TASK MATERIAL:
★ ★ ★

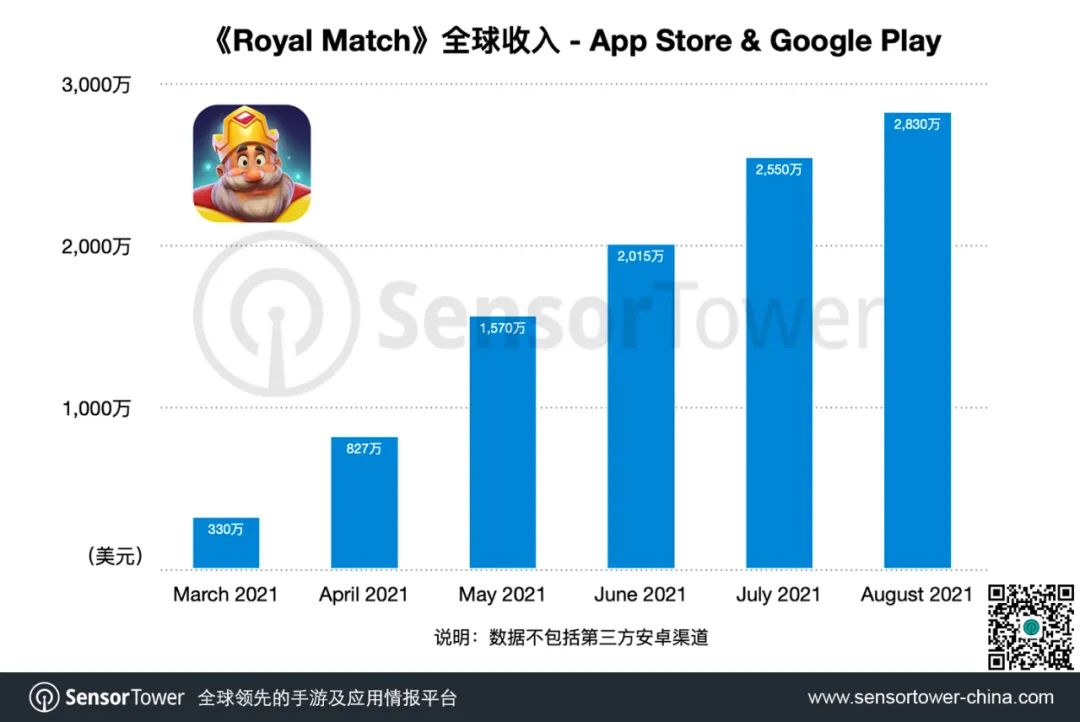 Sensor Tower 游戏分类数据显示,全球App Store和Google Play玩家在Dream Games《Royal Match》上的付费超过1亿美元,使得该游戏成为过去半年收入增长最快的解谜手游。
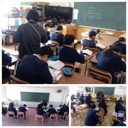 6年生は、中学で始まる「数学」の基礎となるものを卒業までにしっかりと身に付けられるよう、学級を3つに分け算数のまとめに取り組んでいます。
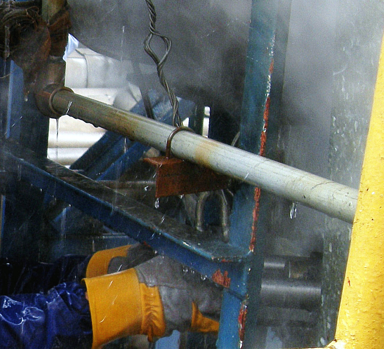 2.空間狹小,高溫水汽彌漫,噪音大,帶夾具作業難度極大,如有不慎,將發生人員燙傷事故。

★ ★ ★

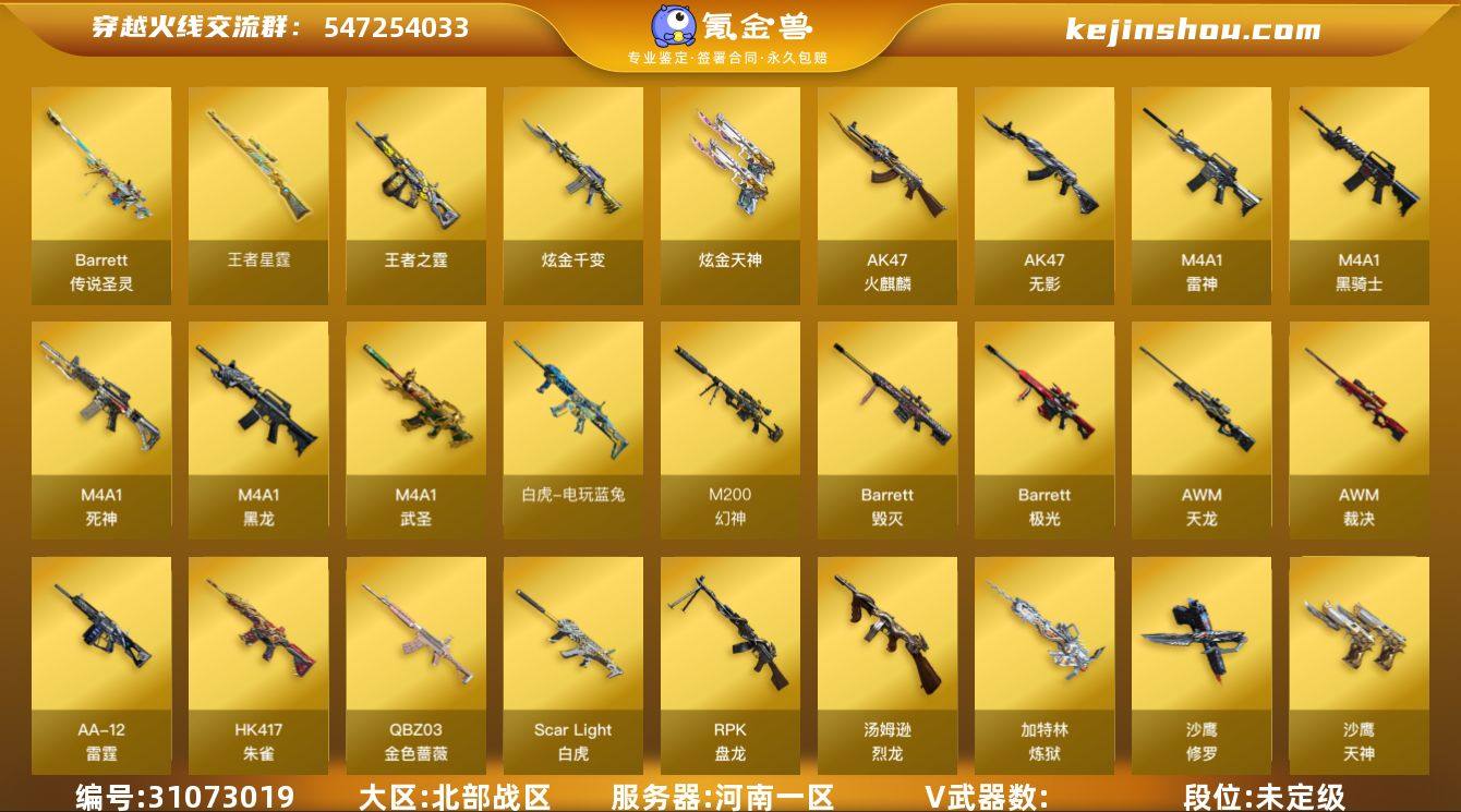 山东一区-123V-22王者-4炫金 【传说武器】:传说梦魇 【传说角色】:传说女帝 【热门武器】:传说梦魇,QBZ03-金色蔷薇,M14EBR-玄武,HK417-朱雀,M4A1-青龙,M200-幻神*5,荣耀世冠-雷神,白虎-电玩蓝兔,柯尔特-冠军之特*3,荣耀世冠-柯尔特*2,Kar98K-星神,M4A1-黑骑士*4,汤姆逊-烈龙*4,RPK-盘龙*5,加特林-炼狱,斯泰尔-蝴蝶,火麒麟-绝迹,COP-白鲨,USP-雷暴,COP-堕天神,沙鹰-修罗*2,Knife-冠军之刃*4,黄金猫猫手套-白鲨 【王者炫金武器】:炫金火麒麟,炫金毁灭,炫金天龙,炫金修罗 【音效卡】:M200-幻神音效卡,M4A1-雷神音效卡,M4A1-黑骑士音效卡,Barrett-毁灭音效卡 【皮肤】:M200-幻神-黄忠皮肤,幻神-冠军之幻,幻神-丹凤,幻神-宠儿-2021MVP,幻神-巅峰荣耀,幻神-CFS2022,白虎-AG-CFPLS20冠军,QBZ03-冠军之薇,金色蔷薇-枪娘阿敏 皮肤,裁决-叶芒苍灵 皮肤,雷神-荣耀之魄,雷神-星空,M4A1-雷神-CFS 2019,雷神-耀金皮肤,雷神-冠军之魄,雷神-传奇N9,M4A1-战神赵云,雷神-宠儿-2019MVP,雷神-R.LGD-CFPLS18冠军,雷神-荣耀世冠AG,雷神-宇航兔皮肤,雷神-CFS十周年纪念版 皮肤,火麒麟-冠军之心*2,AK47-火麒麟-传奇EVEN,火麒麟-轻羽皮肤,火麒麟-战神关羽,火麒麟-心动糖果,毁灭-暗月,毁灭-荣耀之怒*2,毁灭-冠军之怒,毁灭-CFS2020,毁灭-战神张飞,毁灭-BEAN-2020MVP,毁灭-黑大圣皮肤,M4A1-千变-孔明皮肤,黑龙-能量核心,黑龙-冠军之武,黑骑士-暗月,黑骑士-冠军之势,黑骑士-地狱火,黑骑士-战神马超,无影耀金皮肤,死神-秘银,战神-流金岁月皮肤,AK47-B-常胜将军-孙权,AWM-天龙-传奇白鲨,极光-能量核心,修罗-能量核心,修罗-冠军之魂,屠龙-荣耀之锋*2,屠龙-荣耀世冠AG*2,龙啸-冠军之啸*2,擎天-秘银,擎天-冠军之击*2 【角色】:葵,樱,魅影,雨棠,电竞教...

★ ★ ★

AIM OF THE EXERCISE:
Which part of the entries opens with the line containing "Sensor Tower 游戏分类数据显示,全球App" and closes with the line containing "2.空間狹小,高溫水汽彌漫,噪音大,帶夾"? Output that part exactly, ends included, pictures excluded.

RESULT:
 Sensor Tower 游戏分类数据显示,全球App Store和Google Play玩家在Dream Games《Royal Match》上的付费超过1亿美元,使得该游戏成为过去半年收入增长最快的解谜手游。
 6年生は、中学で始まる「数学」の基礎となるものを卒業までにしっかりと身に付けられるよう、学級を3つに分け算数のまとめに取り組んでいます。
 2.空間狹小,高溫水汽彌漫,噪音大,帶夾具作業難度極大,如有不慎,將發生人員燙傷事故。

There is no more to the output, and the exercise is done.